# Boogaloo Wonderland Sandwich



## WhateverYouWant (Nov 7, 2021)

Based on a just watched “Cook’s Country” S14 E7, anyone here make these?

I love Sloppy Joes, and have experimented many times with the sauce, only to come back several times to a doctored Manwich sauce.

The sandwich in this episode seems to be the ultimate sloppy joe. Thoughts?

If any of you are interested… and can’t view this episode, lemmeno and I will post the recipe. But it is ground beef cooked with a thinly sliced onion, and the sauce is ketchup, cider vinegar, Worcester sauce, brown sugar, spices, and maybe something else I can’t recall.

But it looked great… and seems to be a thing.


----------



## pepperhead212 (Nov 7, 2021)

I also saw that, and it looks delicious, but I've never made it.  But I think I will be making it, for a friend of mine, with some of that venison he gave me!  I recorded it, and is one I didn't delete afterwards.


----------



## Chief Longwind Of The North (Nov 7, 2021)

tried to open it.  it said I needed to register.  I tried and it wouldn't let me.  Please post the recipe.

i previously posted my own recipe, and the few who tried it loved it, even a lady who said she hated sloppy joes until she tried my recipe.  I'm curious to see how this recipe compares.

Seeeeya; Chief Longwind of the North


----------



## WhateverYouWant (Nov 7, 2021)

Chief Longwind Of The North said:


> Please post the recipe.



Sauce:
1 cup ketchup
3 tablespoons cider vinegar
2 tablespoons packed brown sugar
2 tablespoons Worcestershire sauce
3/4 teaspoon dried thyme
3/4 teaspoon dry mustard
3/4 teaspoon granulated garlic
3/4 teaspoon chili powder
1/4 teaspoon pepper

Bring it all to a boil over med/hi and cook for about 3 minutes, whisking constantly, until thickened, and remove from heat.

Meat:
1 tablespoon vegetable oil
1 onion, sliced thin
1 1/4 pounds 85 percent lean ground beef
1 teaspoon pepper
3/4 teaspoon salt

Get the pan and oil hot over med/hi heat and add onions, beef, pepper and salt. Cook/stir/break apart until moisture is evaporated and the beef is browned (about 10 minutes).

Add sauce and continue cooking until you reach a boil. Reduce to med and continue cooking for about a minute (or until thickened slightly).

Serve ‘‘em up!


----------



## Chief Longwind Of The North (Nov 7, 2021)

ScottinPollock said:


> Sauce:
> 1 cup ketchup
> 3 tablespoons cider vinegar
> 2 tablespoons packed brown sugar
> ...



Thanks.  This recipe is similar to my own, with a few additions to mine.  Hrere it is for comparison:

Chef's Sloppy Joes

Ingredients:
1‑4 oz. can tomato paste
1‑6 oz can Tomato Sauce
1‑12 oz. can dark red kidney beans
½ clove minced garlic
½  medium yellow onion, diced
3 heaping tbs. chopped green pepper
1/4 cup dark brown sugar (for Diabetics, substitute an equal 
    amount of Splenda brand sweetener and a tsp. of molasses)
1 tsp. Chili Powder
½ tsp. Salt
1 tbs. Worcestershire Sauce
1 bay leaf, crumbled
2 tbs. olive oil
1 lb. ground beef

.I believe both are better than the canned stuff.
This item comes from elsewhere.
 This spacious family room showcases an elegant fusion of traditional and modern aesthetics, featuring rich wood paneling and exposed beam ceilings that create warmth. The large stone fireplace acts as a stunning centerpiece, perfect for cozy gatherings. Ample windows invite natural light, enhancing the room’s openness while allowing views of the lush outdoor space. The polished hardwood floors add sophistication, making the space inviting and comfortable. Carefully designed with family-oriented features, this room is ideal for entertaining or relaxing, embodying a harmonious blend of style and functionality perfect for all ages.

eeeeya; Ch8ief Longwind of the orth


----------



## pepperhead212 (Nov 9, 2021)

Something I don't see in that recipe is the cheese at the end - they topped it with cheese, and broiled them briefly.  
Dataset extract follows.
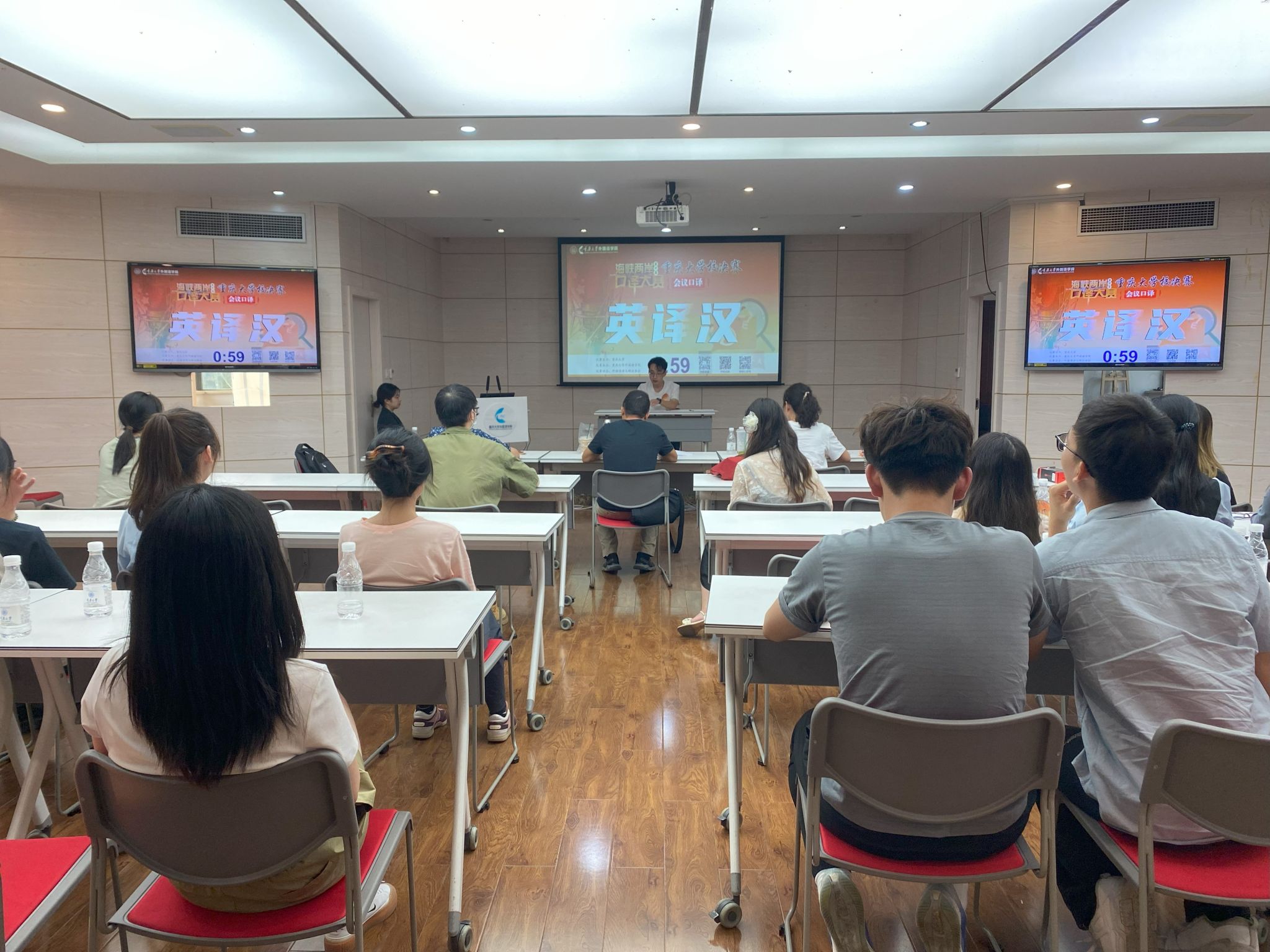 进行,由英语系甘霞、李媛媛两位老师担任评委。赛题以英汉交替传译的形式进行考查,英译汉赛题为“learning tourism”,汉译英赛题探讨了“课间时长调整”的问题。选手们在有限的时间内完成了高质量的英汉互译,展现了他们出色的语言技能,最终14位选手在激烈角逐后顺利晋级校决赛。

Was this something added by CC, so it's not in the original recipe?


----------



## WhateverYouWant (Nov 9, 2021)

pepperhead212 said:


> Something I don't see in that recipe is the cheese at the end - they topped it with cheese, and broiled them briefly.
> 
> Was this something added by CC, so it's not in the original recipe?



IIRC, it was American cheese on a hoagie roll. Both things I would never do for a sloppy joe.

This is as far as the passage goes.